- **Extracted records**
__________
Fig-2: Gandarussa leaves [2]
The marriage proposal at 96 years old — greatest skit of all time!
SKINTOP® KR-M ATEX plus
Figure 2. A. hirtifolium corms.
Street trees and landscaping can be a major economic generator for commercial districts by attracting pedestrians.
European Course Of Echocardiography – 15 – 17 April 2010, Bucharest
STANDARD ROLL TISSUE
__________
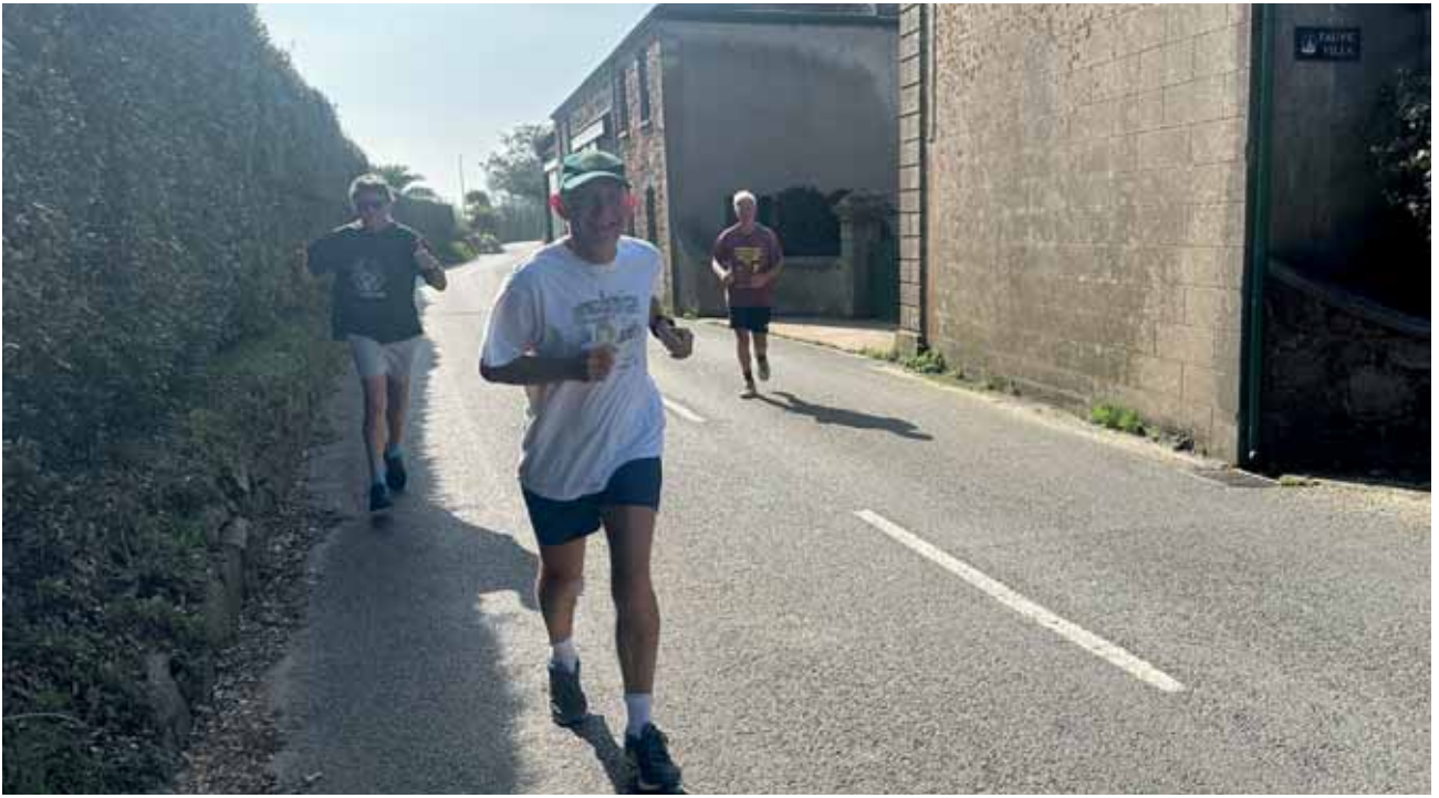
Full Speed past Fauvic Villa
__________
- **Work to complete**
Going back to the entries above, set down exactly the lines that begin at the one with "Figure 2. A. hirtifolium corms." and end at the one with "STANDARD ROLL TISSUE", both included, and nothing else.

- **Expected answer**
Figure 2. A. hirtifolium corms.
Street trees and landscaping can be a major economic generator for commercial districts by attracting pedestrians.
European Course Of Echocardiography – 15 – 17 April 2010, Bucharest
STANDARD ROLL TISSUE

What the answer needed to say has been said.